Tenth was Super Monkey Ball, and the multiplayer madness that ensued. Trying to land your little monkey on the tiniest of platforms in the middle of the ocean was nerve wracking, knuckle biting stuff. Even more hilarious when faced with the prospect of being crowned “The Best Video Game Player In The Entire World Ever” (a verbal agreement between friends that cranked up the tension). One particular session saw us vying for the T.B.V.G.P.I.T.E.W.E. title by trying to balance our monkey across a beam no wider than a centimetre, which rose upwards. Needless to say much taunting and madness ensued when I completed such a daring feat. I still hold the title by the way…
Eleventh was Command and Conquer Retaliation on the PS1. Gregg and I used to slug it out for hours. Gregg the king of turtling as he bunkered in, with me desperately sneaking in my Tanya to destroy his entire base. Hearing him going absolutely wild as I decimated his hard work, or with him attempting to sneak in a large quantity of shock-wave tanks without my noticing; priceless multiplayer fun.
Finally Pokémon Silver arrived in twelfth. I had amassed over 600 hours on my little critters, and while distracted playing Battlefield 2, Gregg decided he would have a go. Unbeknown to me, he had actually started a new game, and considering you can only have one save, had wiped my entire game for the sake of a ten minute run through with a character he named Barnes. If it wasn’t for the simple fact the name was hilarious, and Gregg was oblivious to what he had done, I would have probably thrown myself out of the bedroom window in despair. Boy did we laugh about it (and still do!).

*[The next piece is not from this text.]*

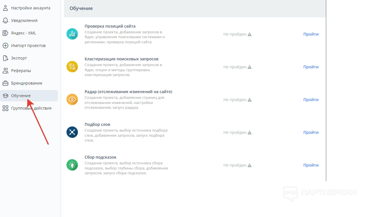 В разделе «Обучение» можно пройти обучение по работе с определенными блоками сервиса. Пользователю достаточно выбрать необходимый вариант, кликнуть на «Пройти» и следовать подсказкам, которые будут отображаться в специальной форме.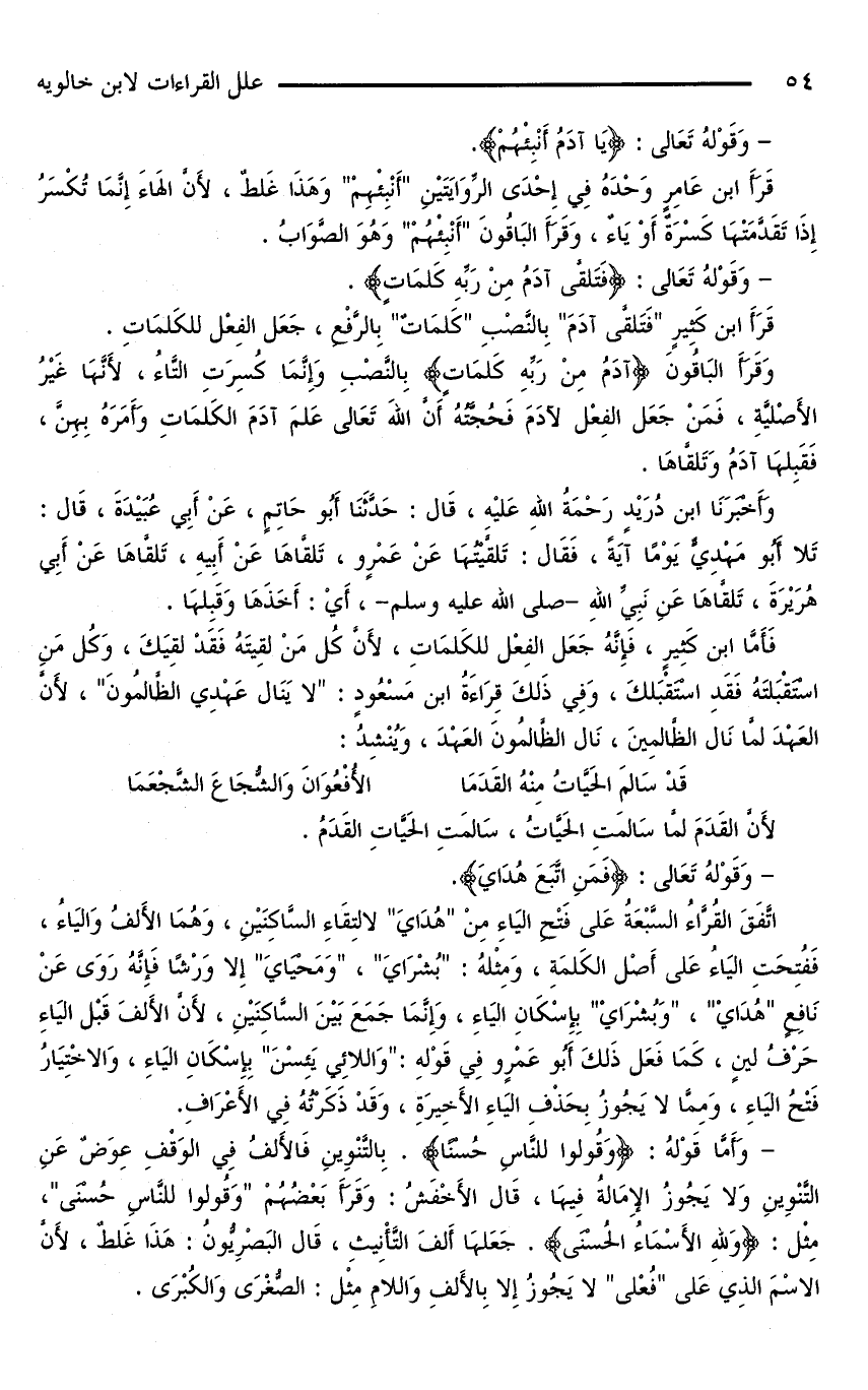 - وَأَمَّا قَوْلُهُ: {وَقُولُوا لِلنَّاسِ حُسْنًا}. بالتنوين فالألف في الوقف عوض عن التَّنْوِينِ وَلَا يَجُوزُ الْإِمَالَةُ فِيهَا، قَالَ الْأَخْفَشُ: وقرأ بعضهم «وقولوا للناس حسنى»، مثل: {ولله الْأَسْمَاءُ الْحُسْنَى}. جَعَلَهَا أَلِفَ التَّأْنِيثِ، قَالَ الْبَصْرِيُّونُ: هَذَا غَلَطٌ، لِأَنَّ الِاسْمَ الَّذِي عَلَى «فُعْلَى» لَا يَجُوزُ إِلَّا بِالْأَلِفِ وَاللَّامِ مِثْلَ: الصُّغْرَى والكبرى.

There are many more that have begun to surface after chatting away with my brother over the weekend, and I have little doubt I could continue to list them, but I want to let others have the opportunity to discuss their own favourite moments. I am still undecided on my definitive favourite, and suspect I would need to spend a great deal of time combing through previous titles I have played to fully appreciate and evaluate which games have impacted upon on me the most. Although many I have listed are not strictly moments within games, it is often a multiplayer experience directly from a game that has been the most memorable.
Gregg deleting my Pokémon save, or the sheer competitiveness erupting from playing Super Monkey Ball are times I will always remember, and still laugh about a great deal, the memory of them far surpassing any scripted moments Halo or Call of Duty could ever throw at me.